Price: $899,000
Several years ago, the union of two side-by-side condos in the converted Wojciechowski Funeral Home at Webster and Hamilton Avenue in Bucktown allowed for something quite unusual, for a condo or even a house: a 60-foot-wide floor plan. That’s what makes the newly listed 3,600-square-foot three-bed, the building’s largest unit, sing.
The 1996 conversion by architect Pappageorge Haymes permanently ended the funeral home’s 100-year-tenure. Its location, opposite the hulking Saint Hedwig Catholic Church, had made perfect sense. “People will still approach me occasionally to say they had services for a loved one in my building,” says seller Chris Caudill, “and to muse on the radical change.”
Caudill arrived in 2006 and began massive interior work, marrying original hardwood floors and ornate beams to new arched doorways and wood paneling. While aesthetically he had to contend with orange walls and blue trim, the bigger chore was adding new windows and doors, upgraded lighting, a pantry, and a powder room. He also built walls and put in new HVAC units. “It was way too open for me. The first winter heating bill was $700.” All told, Caudill estimates he spent $200,000 on improvements.

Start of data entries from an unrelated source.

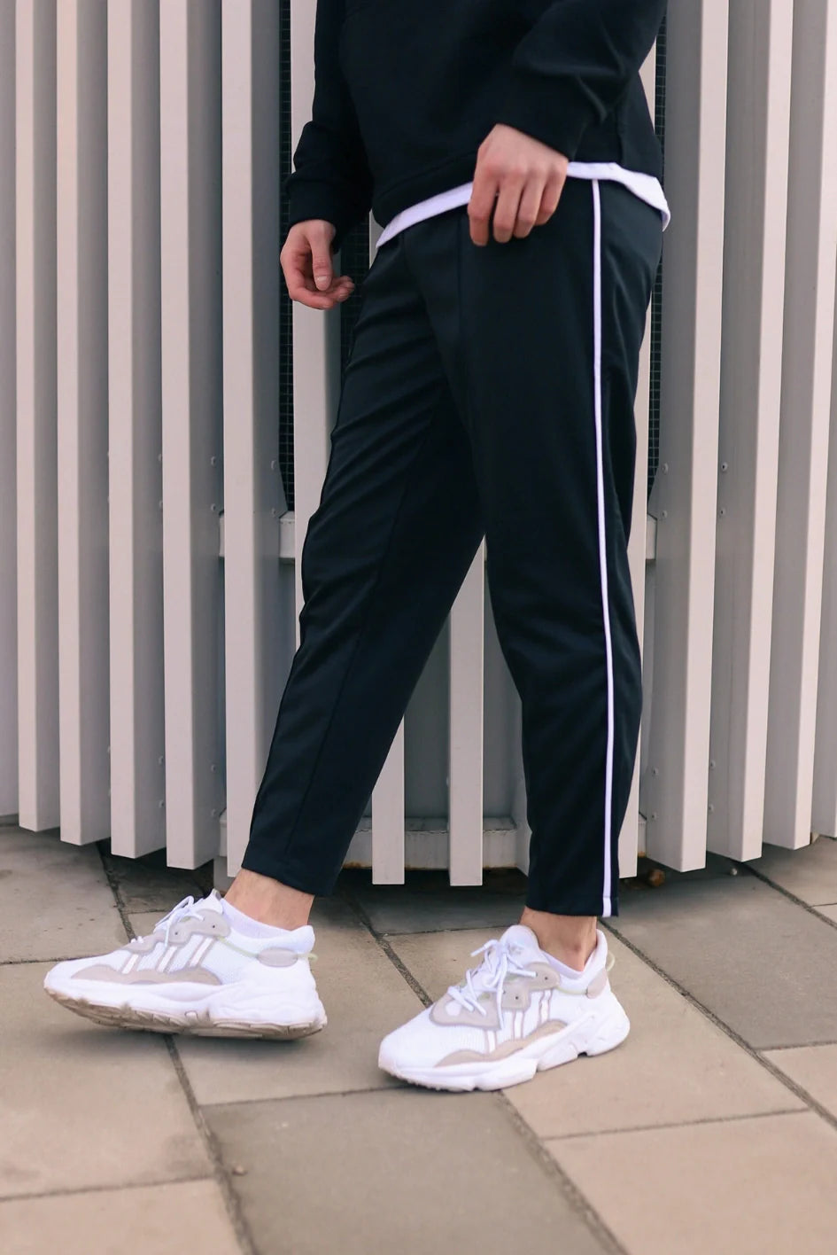 A contrasting front seam runs along the full length of the leg, adding structure and style.
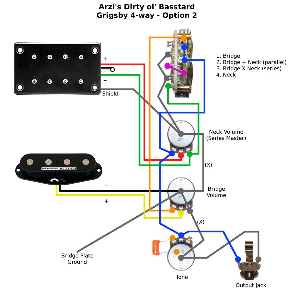 This version has the same Bridge volume but uses a bit of switch trickery to give you a hybrid Neck volume. Essentially, the ground connection on the Neck volume pot is only connected in positions 2 & 4. This means that in position 1 you get a Bridge Volume and the Neck Volume has no effect. In position 2, with both pickups in parallel, you have both a Bridge Volume and Neck Volume, allowing individual control of each pickup. Position 4, neck pickup only, you have a Neck Volume and the Bridge Volume has no effect.
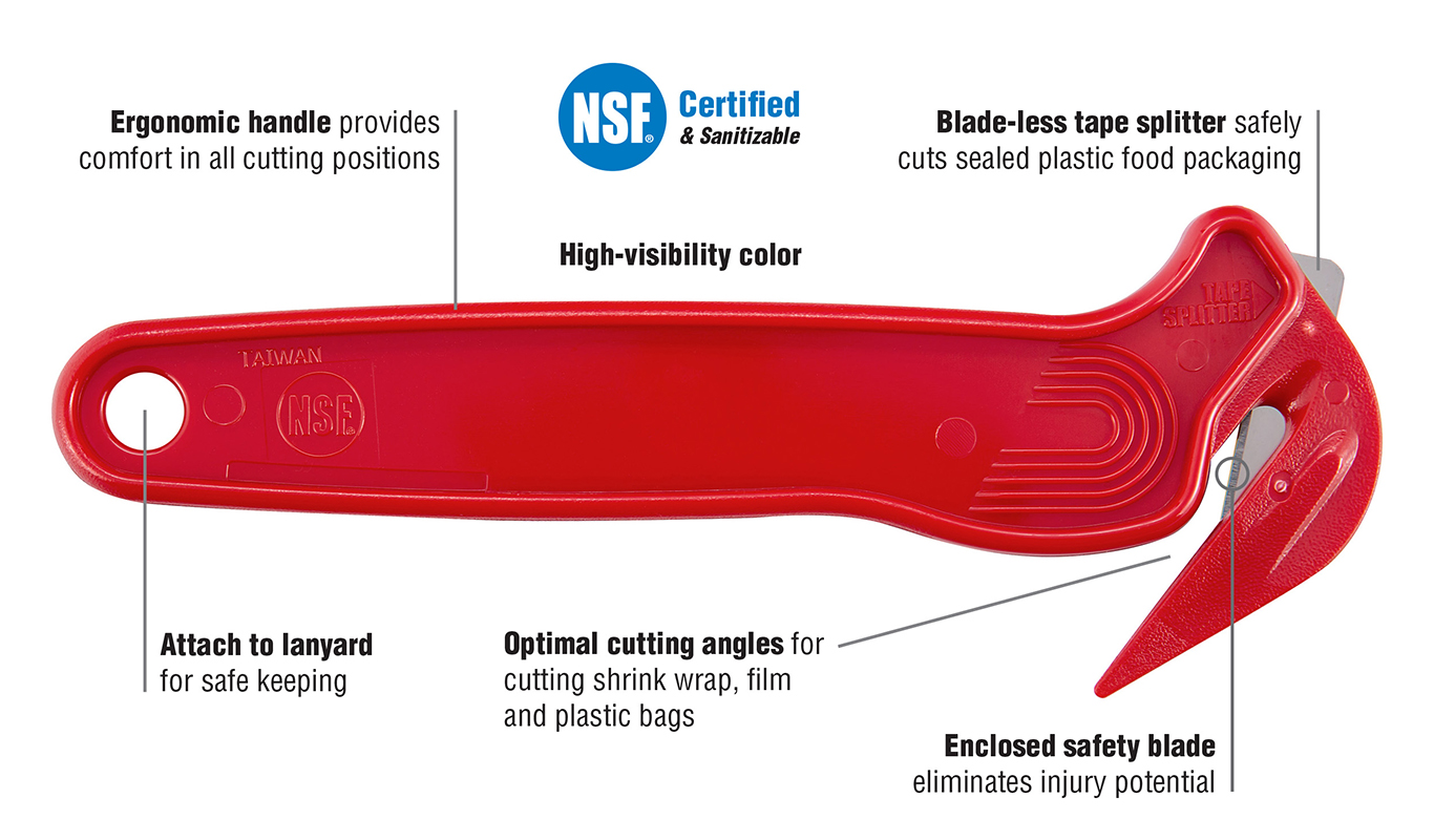 Easy to clean and sanitize, these safety cutters feature a stainless steel blade and are an ideal choice for cutting cryovac, plastic bags, shrink wrap, and paper bags.
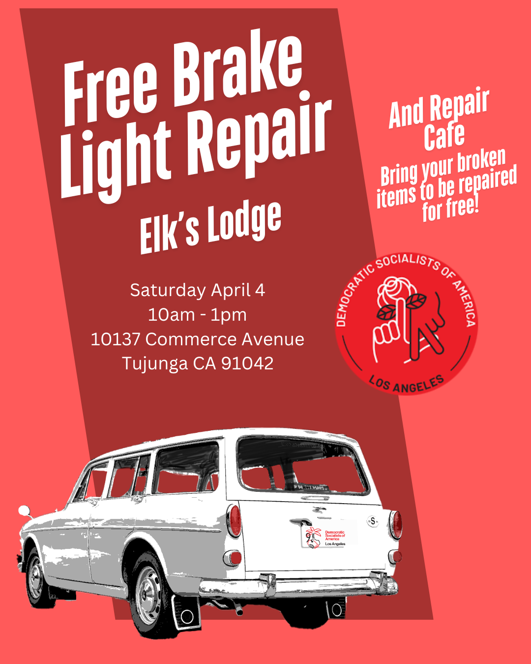 If you’d like to volunteer for brake light repair or help with the repair cafe, please check the DSA-LA calendar for Mutual Aid’s next Zoom meeting (every 2nd and 4th Monday) or email us at mutualaid@dsa-la.org
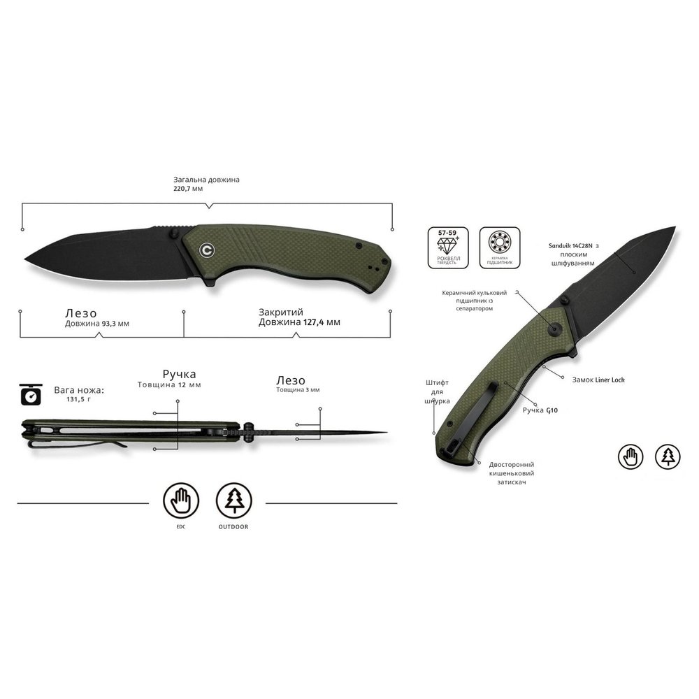 Повнорозмірний ніж складаного формату Civivi Placoid — це універсальна модель для повсякденного носіння (EDC). Інструмент оснащений клинком Clip Point з прямою різальною кромкою та характерним тонким кінчиком, що робить ніж універсальним для різання й роботи на укол.
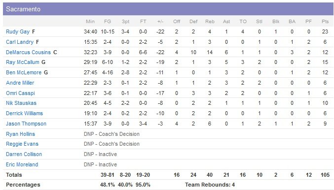 Après avoir laissé au repos trois de leurs titulaires dans une défaite contre les Sixers qui avait mis fin à une série de 6 victoires, les Hawks ont repris leurs bonnes vieilles habitudes et ont infligé une 4e défaite de rang à Sacramento (21 passes, 48.1% aux tirs) , mené par les 23 points de Rudy Gay. Atlanta termine à un impressionnant 20/36 à 3-points (personne n’a fait mieux cette saison) et bat le record de passes décisives des Clippers (41) établi en janvier.
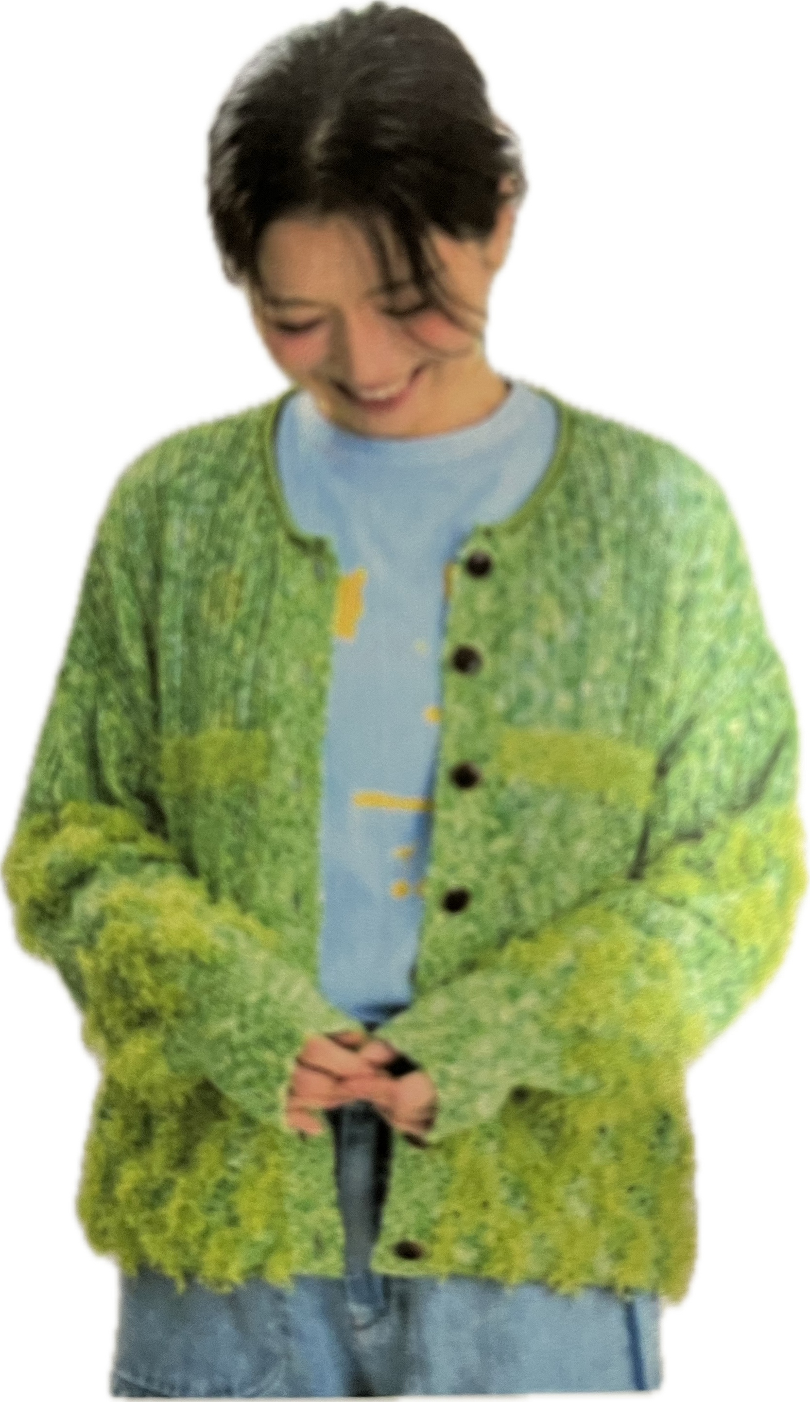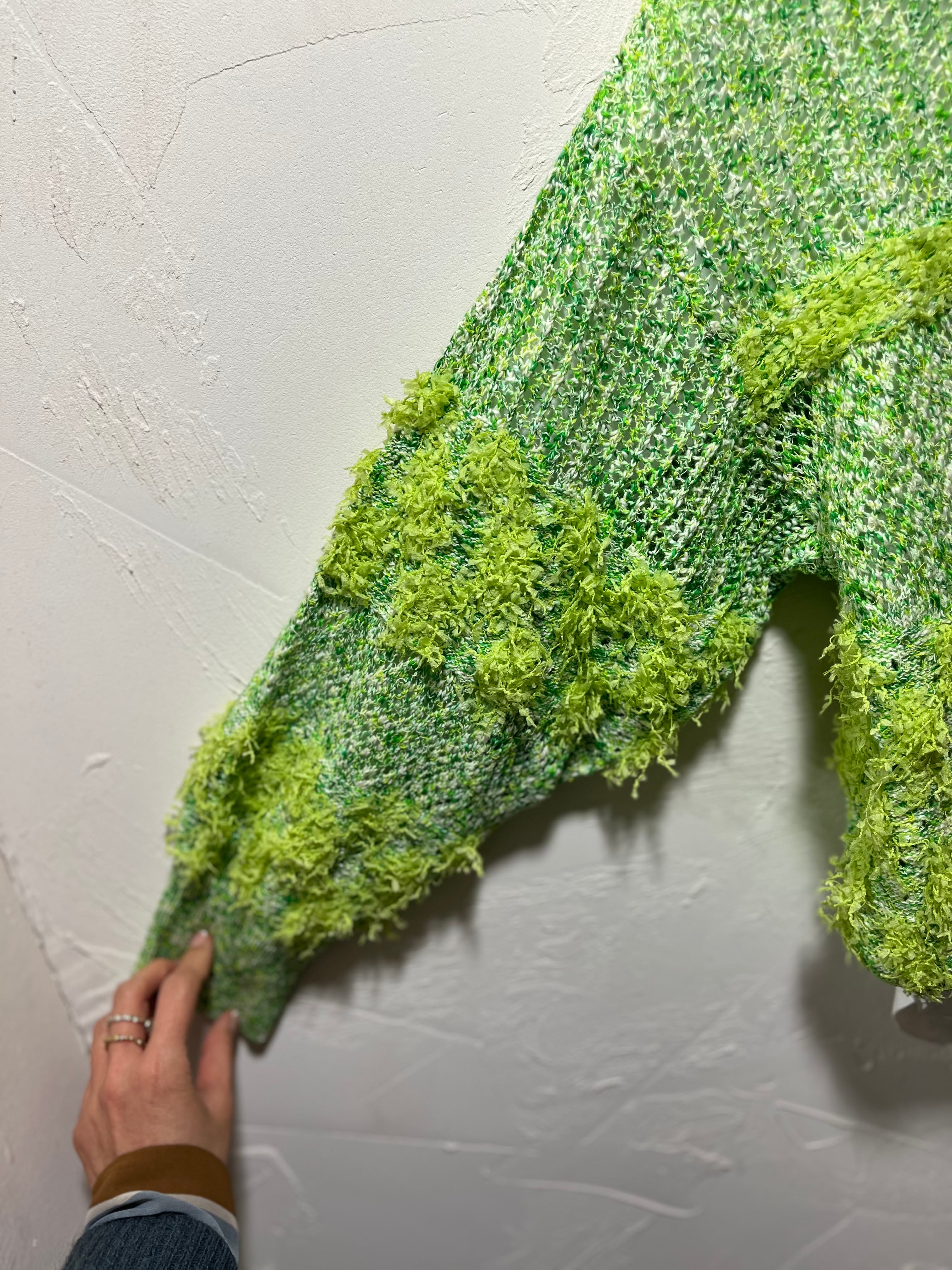 かすりスラブ糸とペーパーモールを組み合わせたジャガードカーディガン。
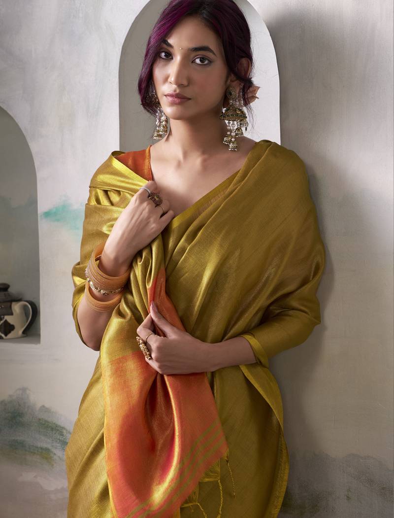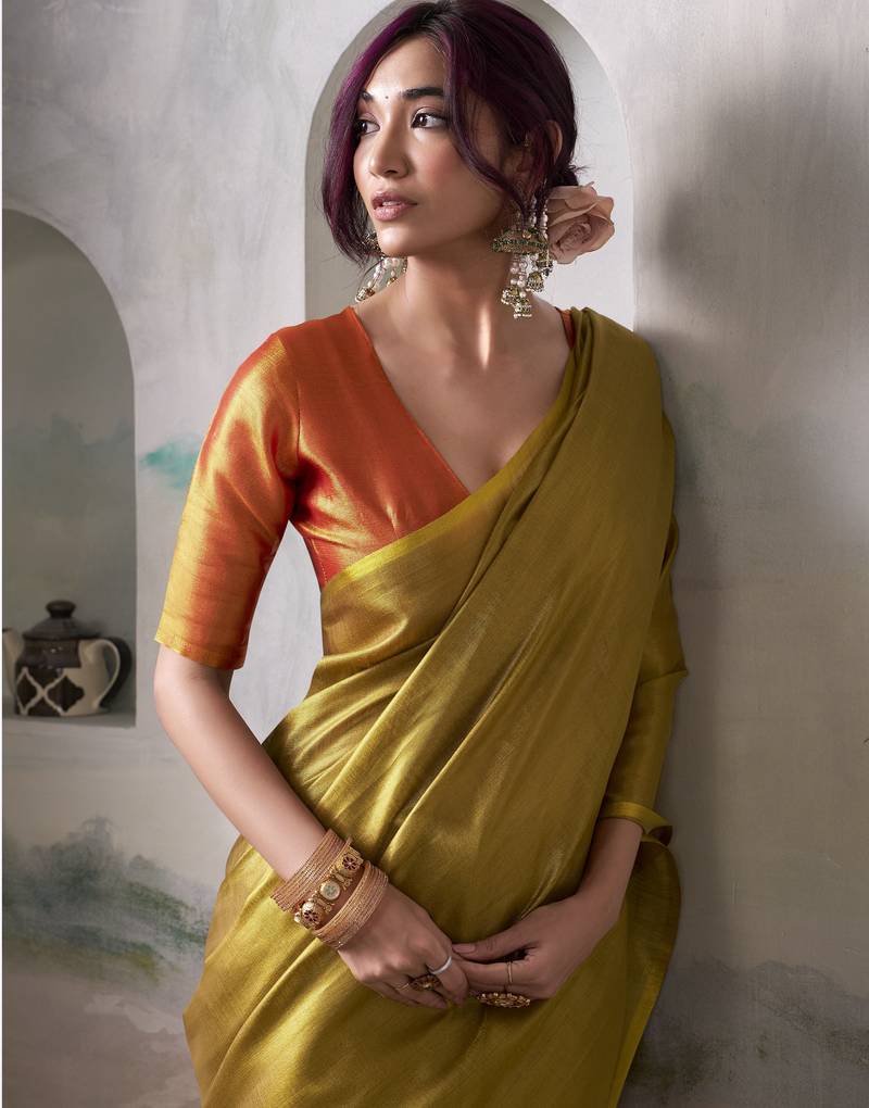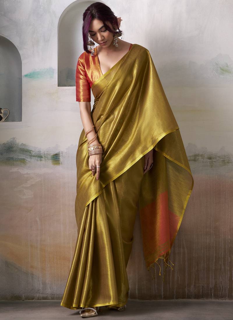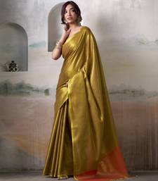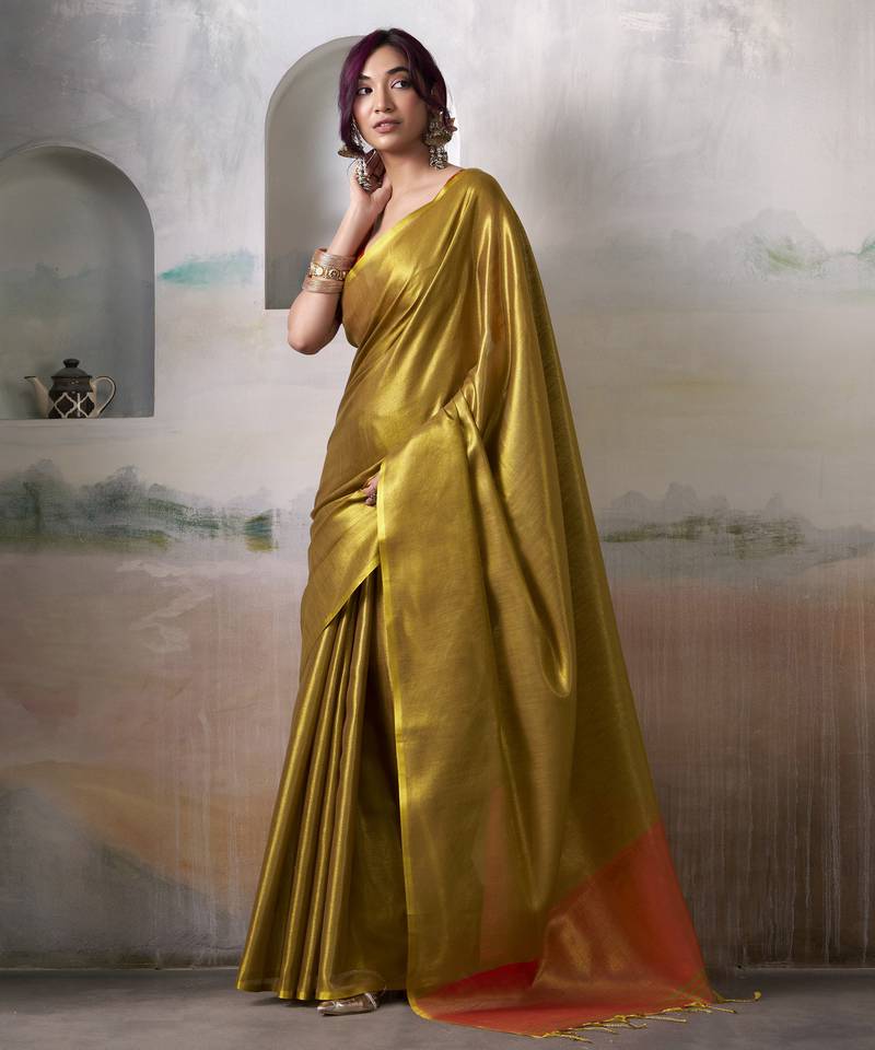 Women's gold tissue silk solid saree with unstitched silk blouse piece
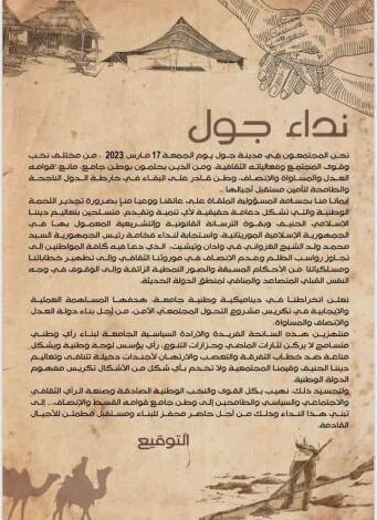 نهيب بكل العلماء والفقهاء والأكاديميين والتربويين والكتاب والمفكرين والشعراء والفنانين ورجال الاعمال والفلاحين والصناع التقليديين والرياضيين والسياسيين والنقابيين والحقوقيين والإعلاميين والعسكريين ….إلى تبني هذا النداء، وذلك من أجل حاصر محفز للبناء ومستقبل مطمئن للأجيال القادمة”.
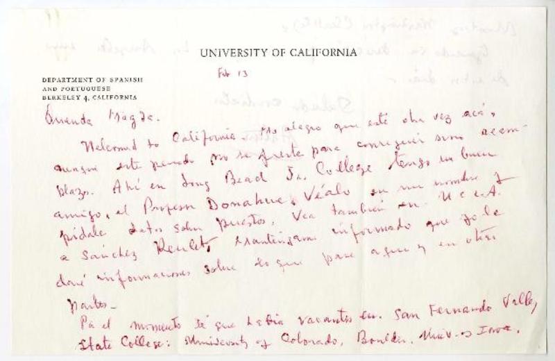 University of California, Department of Spanish and Portuguese, California [a] Magda Arce, California Carta, 1964 febrero 13, [manuscrito] Arturo [Torres Rioseco].
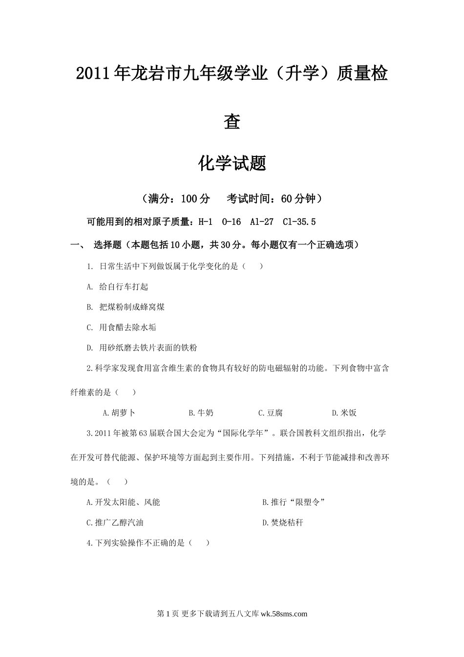 2011年龙岩市九年级学业(升学)质量检查化学试题(满分:100分考试时间:60分钟)可能用到的相对原子质量:H-1O-16Al-27Cl-35.5一、选择题(本题包括10小题,共30分。每小题仅有一个正确选项)1.日常生活中下列...
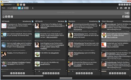 Tweetdeck is a great piece of free to download software. You can setup an account on it and link in multiple twitter accounts as well as Facebook. Then you can set it up so that it has a different column for each Twitter account time line, your mentions feed, direct messages feed etc. See above I have my main twitter account @richarddenning as well as my @merciabooks one, a column for mentions of @richarddenning and one for any messages. Off screen to teh right (and scrollable) i have other columns set up for some regular searches, scheduled tweet etc.

Other endearing features are the two wood-burning fireplaces, paneled lounge, chef’s kitchen, and huge master suite. Only a small fraction of living space is not on the ground level—some 600 square feet of basement rec room. In a typical duplex-down, the ground level is often a glorified studio with a lot of actual living taking place in cushy but inferior basements. This place rights that wrong. The main level has 11’ ceilings, large rooms, and the luxury of grand galleries, foyers, and hidden patios. Tall windows throughout and sliding glass doors to the patio soften the divide between interior and exterior and the pair of brick-walled patios with trees and fountains are oasis-like.
Caudill credits his two-year tenant, an interior designer, with bringing out the home’s full character in his absence. And, in fact, this tenant is selling his carefully matched furniture and décor separate of the listing. It’s been four or five years since Caudill lived in the unit. With children and work on the North Shore, it hasn’t been tenable. He now lives in Glenview.
Price Points: Caudill purchased the combo unit for $762,000 nine years ago and is asking $899,000. Intermittent attempts to sell, going back to 2008, saw the list price as high as $1.1 million. The unit compares favorably to area lofts in size and price per square foot. Under-construction 3-flats pushing sophisticated modern on Leavitt and on Armitage have three-bed units of unspecified size on the market for the same price. They are almost certainly smaller, and each has one less bathroom. Over on Damen, north of Armitage, the gulf widens. A new building at 2040 N. Damen has three full-floor condos that sold in the last six months for at least $1.2 million.
I’m not trying to instigate a tussle between trendy new-builds and custom renovations. There’s room for both, and the important thing is finding a space able to bend to an occupant’s shifting tastes over time. “I like the new wave of modern in the city,” says Berkshire Hathaway KoenigRubloff listing agent Brad Lippitz. “It’s refreshing. But this sits between modern and traditional and you can take it further in either direction.”